- **EXERCISE REQUIREMENTS**: Please output the lines shown below exactly as they appear.

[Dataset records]
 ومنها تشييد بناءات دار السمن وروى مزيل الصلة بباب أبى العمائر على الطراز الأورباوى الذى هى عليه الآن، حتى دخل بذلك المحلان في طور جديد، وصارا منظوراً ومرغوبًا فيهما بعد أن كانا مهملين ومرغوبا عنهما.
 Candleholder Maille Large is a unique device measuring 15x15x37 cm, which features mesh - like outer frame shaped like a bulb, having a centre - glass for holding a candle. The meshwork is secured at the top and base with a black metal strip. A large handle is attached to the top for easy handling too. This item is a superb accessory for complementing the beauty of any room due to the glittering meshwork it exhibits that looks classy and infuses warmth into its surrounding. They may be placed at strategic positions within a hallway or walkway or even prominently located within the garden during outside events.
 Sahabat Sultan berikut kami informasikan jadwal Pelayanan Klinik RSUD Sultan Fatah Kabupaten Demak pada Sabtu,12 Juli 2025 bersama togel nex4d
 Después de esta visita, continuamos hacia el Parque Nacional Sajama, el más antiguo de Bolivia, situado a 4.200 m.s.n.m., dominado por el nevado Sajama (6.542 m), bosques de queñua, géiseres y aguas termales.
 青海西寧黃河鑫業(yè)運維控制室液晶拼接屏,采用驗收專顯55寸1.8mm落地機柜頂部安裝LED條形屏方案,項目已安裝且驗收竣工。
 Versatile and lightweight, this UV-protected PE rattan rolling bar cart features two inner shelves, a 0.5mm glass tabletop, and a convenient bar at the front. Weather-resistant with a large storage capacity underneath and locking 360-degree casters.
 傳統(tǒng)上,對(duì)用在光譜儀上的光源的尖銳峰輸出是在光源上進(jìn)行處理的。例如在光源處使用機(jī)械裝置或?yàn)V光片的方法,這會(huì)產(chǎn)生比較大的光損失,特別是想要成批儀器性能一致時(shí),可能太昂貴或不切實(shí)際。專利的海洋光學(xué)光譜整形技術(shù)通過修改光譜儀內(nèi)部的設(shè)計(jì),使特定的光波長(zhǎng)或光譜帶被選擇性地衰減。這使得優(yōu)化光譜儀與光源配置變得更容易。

- **RESPONSE TO THIS TASK**:
 ومنها تشييد بناءات دار السمن وروى مزيل الصلة بباب أبى العمائر على الطراز الأورباوى الذى هى عليه الآن، حتى دخل بذلك المحلان في طور جديد، وصارا منظوراً ومرغوبًا فيهما بعد أن كانا مهملين ومرغوبا عنهما.
 Candleholder Maille Large is a unique device measuring 15x15x37 cm, which features mesh - like outer frame shaped like a bulb, having a centre - glass for holding a candle. The meshwork is secured at the top and base with a black metal strip. A large handle is attached to the top for easy handling too. This item is a superb accessory for complementing the beauty of any room due to the glittering meshwork it exhibits that looks classy and infuses warmth into its surrounding. They may be placed at strategic positions within a hallway or walkway or even prominently located within the garden during outside events.
 Sahabat Sultan berikut kami informasikan jadwal Pelayanan Klinik RSUD Sultan Fatah Kabupaten Demak pada Sabtu,12 Juli 2025 bersama togel nex4d
 Después de esta visita, continuamos hacia el Parque Nacional Sajama, el más antiguo de Bolivia, situado a 4.200 m.s.n.m., dominado por el nevado Sajama (6.542 m), bosques de queñua, géiseres y aguas termales.
 青海西寧黃河鑫業(yè)運維控制室液晶拼接屏,采用驗收專顯55寸1.8mm落地機柜頂部安裝LED條形屏方案,項目已安裝且驗收竣工。
 Versatile and lightweight, this UV-protected PE rattan rolling bar cart features two inner shelves, a 0.5mm glass tabletop, and a convenient bar at the front. Weather-resistant with a large storage capacity underneath and locking 360-degree casters.
 傳統(tǒng)上,對(duì)用在光譜儀上的光源的尖銳峰輸出是在光源上進(jìn)行處理的。例如在光源處使用機(jī)械裝置或?yàn)V光片的方法,這會(huì)產(chǎn)生比較大的光損失,特別是想要成批儀器性能一致時(shí),可能太昂貴或不切實(shí)際。專利的海洋光學(xué)光譜整形技術(shù)通過修改光譜儀內(nèi)部的設(shè)計(jì),使特定的光波長(zhǎng)或光譜帶被選擇性地衰減。這使得優(yōu)化光譜儀與光源配置變得更容易。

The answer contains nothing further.